With corporate cash, B’luru filmmakers aim high

A new documentary on Karnataka’s wilderness by Bengaluru-based nature filmmakers and conservationists aspires to showcase the state’s rich biodiversity while showing India’s arrival on the world stage as a nation capable of creating globally acclaimed documentaries.

‘Wild Karnataka’, made by veteran filmmakers Amoghavarsha J S and Kalyan Varma who had previously cut their teeth making documentaries for the British Broadcasting Company (BBC) and National Geographic, plus forest officer Vijai Mohan Raj and conservationist Sarath Champati, employs Ultra-HD technology to showcase the high ambitions of its creative team. Amoghavarsha described the film as possibly the first in a new generation of blue chip, world-beating nature documentaries made by Indians about India.

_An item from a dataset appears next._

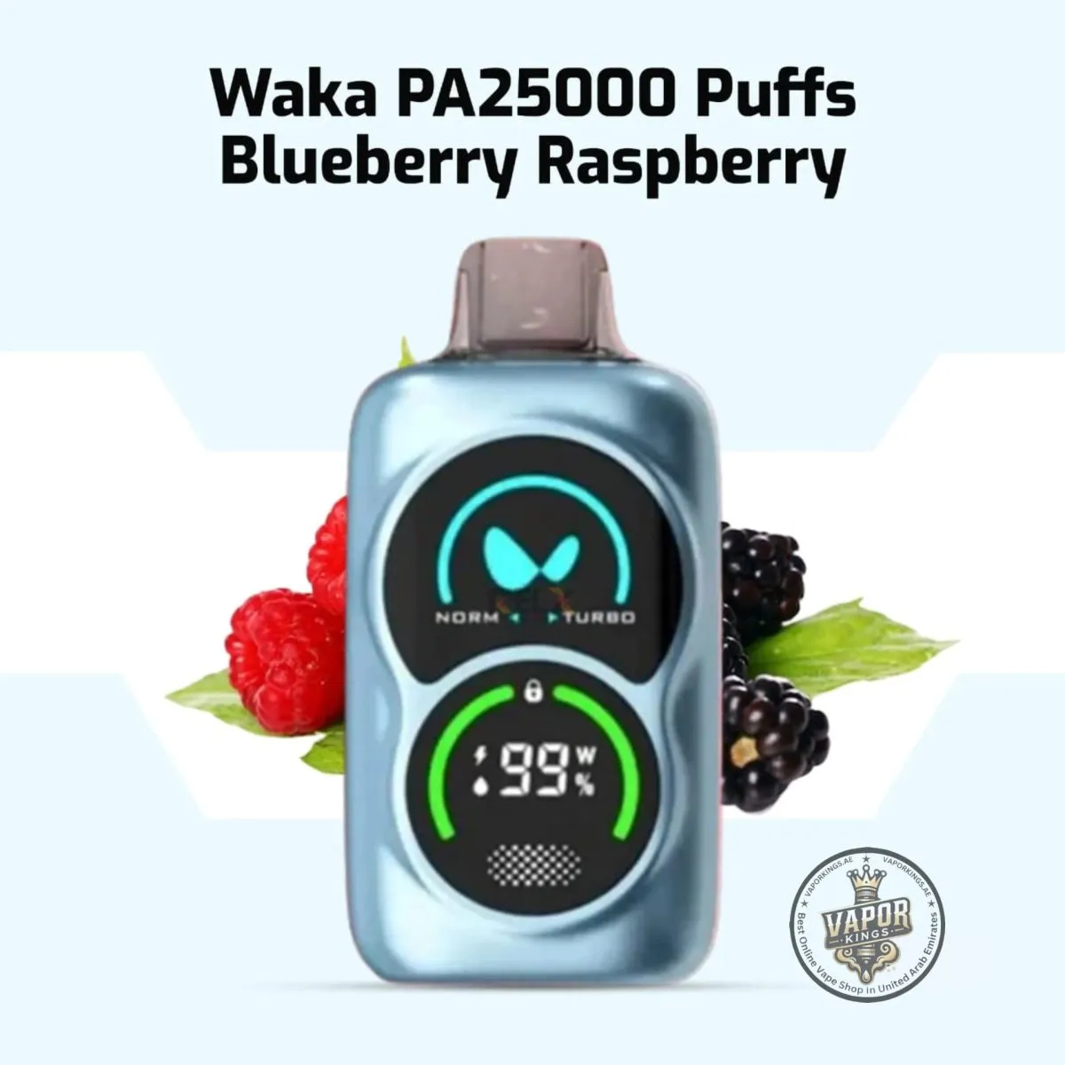 Waka PA25000 بسعة 22 مل، 25000 جولة، بطارية قابلة للشحن 800 مللي أمبير، استنشاق فموي MTL، ملف شبكي، يقدم 12 نكهة متنوعة ومنعشة، شاشة ذكية وتصميم عصري للاستخدام الطويل

Filmed over a five-year period at a cost of Rs 4 crore and with a crew of nearly 20 men and women shooting over 400 hours of footage, the end result is a 52-minute documentary made in cooperation with the Forest Department showing natural vistas across the state coupled with previously unseen footage of wildlife in their natural habitat. It was narrated by the British conservationist David Attenborough.

According to Prashanth Prakash, who co-produced the documentary with Britain-based Icon Films, ‘Wild Karnataka’ will expose Karnataka’s rich biodiversity to the world. “The state’s wildlife and natural landscapes have been traditionally underrepresented when compared to other parts of India. With this film, we have an opportunity to change that,” he said.

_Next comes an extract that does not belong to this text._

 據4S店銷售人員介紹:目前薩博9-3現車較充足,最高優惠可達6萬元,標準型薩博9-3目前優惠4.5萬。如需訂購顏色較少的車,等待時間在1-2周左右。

The state currently has the largest population of wild tigers in India, the largest number of elephants in the wild, and nearly 6,319.127 square kilometres of the protected area divided among five national parks and 21 wildlife sanctuaries.

“Conservation efforts are going right here,” Amoghavarsha said. “This is something to be celebrated. By watching this film, perhaps people will fall in love with what they see.”

Mining for funds

Even though the theme of the documentary is forest and wilderness, the Forest Department has not made any funding and much of the film’s financing has come from eco-tourism resorts and mining companies, leading to concerns that the documentary has a conflict of interest and could potentially trigger greater eco-tourism in the region affecting the local ecology.

Ashwini Kumar Bhat, a filmmaker who served in a supporting role in the project disputed this saying that exposing the natural beauty of any landscape actually serves to protect it. “It is easier for people to take something that nobody knows about,” he said.

Amoghavarsha categorised the investors from a mining background as an ethical company. “It is easy to say that there is a conflict of interest between mining activities and the film, but their activities are within a legal framework. Resource extraction is unavoidable. We all drive cars. Where does that metal come from? What is important is how resources are extracted, and Sandur has been doing it right. In fact, we rejected three or four other corporate sponsors because we did not like their ethics.”

Amoghavarsha J S, co-director said, “India is known for its Bollywood films and Bengaluru is known for its Information Technology industry and for animation companies which have their headquarters here. With this film, it can also become a hub for documentaries.”

Sanjai Mohan, PCCF (Wildlife), said,”Our Forest Department has some of the best staff. At Bandipur, we lost just 3,000 hectares of forest cover. The media hyped up the issue.”